Homework 3 // Due at Lecture Tuesday, October 2, 2007
You will perform this assignment on the x86-64 Clovertown-based systems you used in Homework 2:
clover-01.cs.wisc.edu and clover-02.cs.wisc.edu.
You should do this assignment alone. No late assignments.
Purpose
The purpose of this assignment is to further explore the features of Intel's (R) Thread Building Blocks (TBB) multithreading package,
including its task managment, synchronization, and (optionally) concurrent data structures.
Programming Environment: TBB
Intel's Thread Building Blocks (TBB) package
provides a host of useful services to the parallel programmer, including some of the same
loop parallelization options provided by OpenMP (with different syntax, of course). Intel provides
a handy Getting Started Guide that is available at the link above under the Documentation
tab, which will show you everything you need to know about TBB for the purposes of this assignment. You will find the
Tutorial document very useful for this assignment.
A tutorial on TBB's loop parallelization is available
here.
It will guide you through TBB setup and a brief illustrative example.
Programming Task: Othello AI
Othello (aka, Reversi) is a strategy board game, played on an
8x8 board. Othello is a game for two players; moves consist of placing tokens on the board to flip your opponent's tokens,
subject to placement rules. You are not required to learn the rules to Othello, but it is probably a good idea nonetheless,
since you will be parallelizing an Othello AI.
In this assignment, you are given a serial implementation of a recursive lookahead-based Othello AI (You can download the code
here). Your task is to parallelize and improve the code
in a variety of ways. You will do so using the features of Intel's Thread Building Blocks package.
The serial version you are given starts with the current Othello board position, enumerates all possible moves, and then
recusively evaluates all potential move combinations, up to the desired lookahead, aka the depth of the search. The serial
version is not very intelligent in its approach to Othello AI. A complete evaluation of the search space is not necessary, and the
fitness criterion used by the implementation is very basic. You can improve on these shortcomings if it suits your interests. In
general, you may modify any part of the provided code.
The AI plays the game against itself, and uses a greedy algorithm to select the moves for the white player, and only uses
its depth-search capability to discover the black player's moves. This is done to limit overall runtime, but you may
easily change this if you prefer to use the depth-search algorithm for both players.
Problem 1: Parallel Othello AI using parallel_while
The provided code has plenty of candidate loops that could be parallelized. To fulfill the requirements of this problem, you
must parallelize one or more of these loops using TBB's parallel_while construct, and any other
elements of the TBB package that you may desire (parallel_while is the only requirement).

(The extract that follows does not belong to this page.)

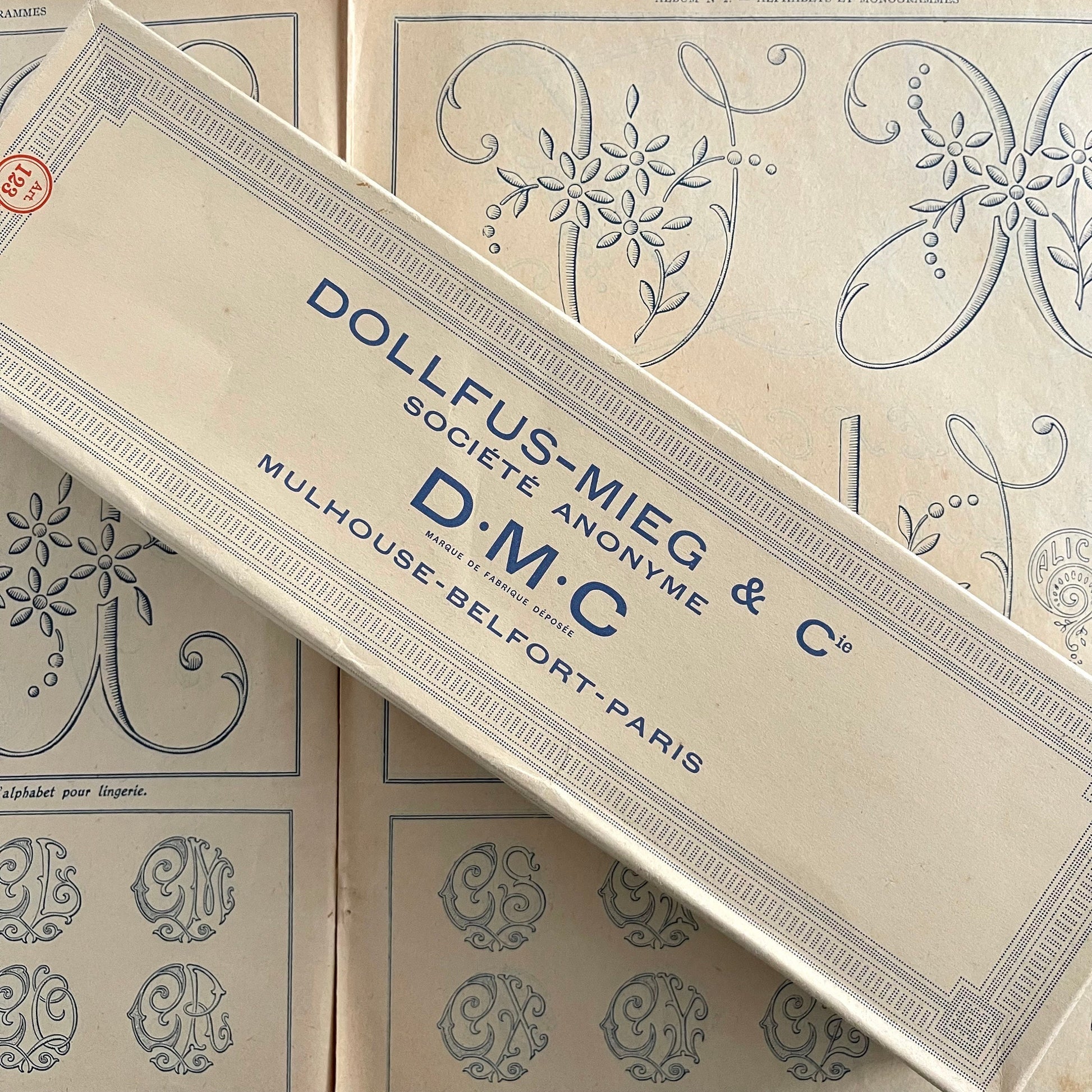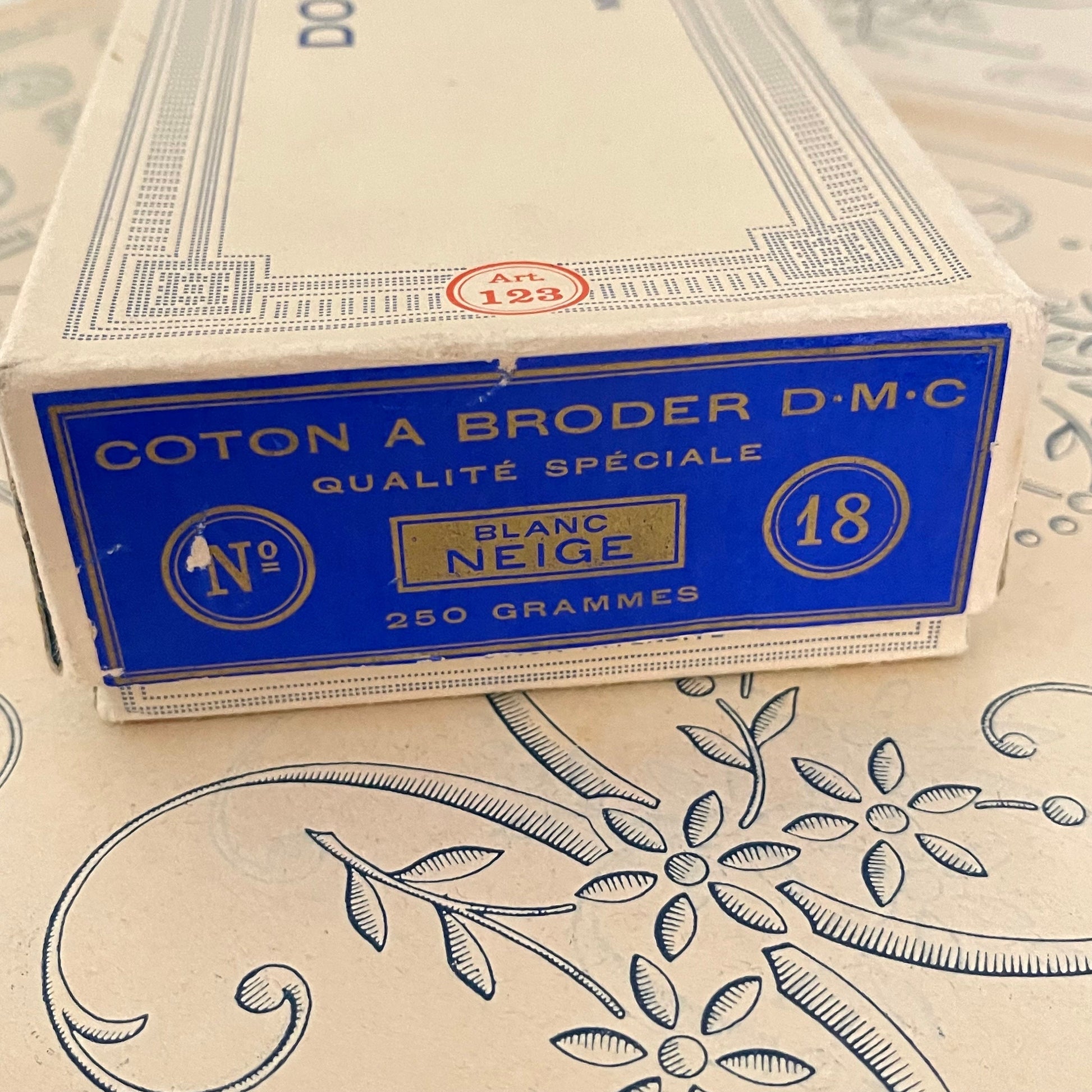 Beautiful long box of French antique DMC Embroidery Thread, Qualité Spéciale' No 18. 35 skeins of 70m 76 yards in their original box

Your choice of which loop(s) to parallelize will determine the difficulty of this problem, as well as your potential for speedup.
You are encouraged to experiment with many different options -- once you have learned the parallel_while
syntax, it is relatively easy to try several different loops. You will be expected to explain your choise of loop(s) in Problem 4.
Problem 2: Parallel Othello AI using Task Recursion
Everything in TBB is a task -- up to now, we have used TBB's loop parallelization capability to implicitly form tasks to
run in parallel. Now, instead of parallelizing a loop, we will parallelize the recursive operation of the original algorithm.
Starting again with the serial code, parallelize the recursive search algorithm using TBB's spawnable tasks (similar to
the Fibonacci example of section 10.2 of Intel's Tutorial document). To fulfill the requirements of this problem, your
revised code must include at least one C++ class that inherits from class task
in the TBB package (and, naturally, this task must be called recursively, in parallel).
Optional: Explore the multitude of tweaking options available in TBB -- continuations, scheduler bypass, and task recycling,
for instance. You might also want to try some other TBB features along the way (concurrent data structures, locks of various flavors,
atomic operations, scalable allocators, etc.) -- this will be the last TBB assignment.
Problem 3: Evaluation
Evaluate your code on the Clovertown platform. Provide a table showing total execution time, in seconds, for the original
algorithm, your parallel_while parallelization from Problem 1, and your recursive task
parallelization from Problem 2 as rows of the table. Include columns for lookahead = [3,4,5,6,7]. For example (the numbers
below are 100% ficticious). Note on the graph the number of threads used to attain the best performance (or if you used the
TBB default value). This value need not be constant across all implementations (e.g. N=6 for Problem 1 and N=8 for Problem 2
is acceptible).
Implementation | Lookahead |
| 3 | 4 | 5 | 6 | 7 |
Serial | 1s | 2s | 5s | 60s | 10000s |
PWhile | 1s | 1s | 2s | 10s | 100s |
PTask | 1s | 1s | 2s | 10s | 100s |
Problem 4: Questions (Submission Credit)
-
Which loop(s) did you select for parallelization in Problem 1? Why did you choose that/those loop(s)? Why were other loops unsuitable?
Use specific examples.
-
Which implementation (parallel_while or Task-based Recursion) performs better for lookaheads 6
and 7? Which implementation did you prefer?
-
How many total board positions are examined in your implemenatations for Lookahead = 6? Lookahead = 7? What is the
rate at which boards are examined in each of the above implementations? You may calculate or measure
the value.
Tips and Tricks
Start early.
Read Intel's TBB Tutorial (Select Documentation tab).
Don't forget to add -ltbb and other useful switches to the provided Makefile.
Don't forget to source TBB's environment variables!
What to Hand In
Please turn this homework in on paper at the beginning of lecture.
A printout of your parallel_while code from Problem 1, annotated to indicate which
loop from the original program you parallelized.
A printout of your task class and stream class from Problem 2, annotated to indicate your strategy for task
recursion.
If you improved the AI in any way, a brief description of the improvements (keep your code!).
The table from Problem 3.
Answers to questions in Problem 4.
Important: Include your name on EVERY page.
|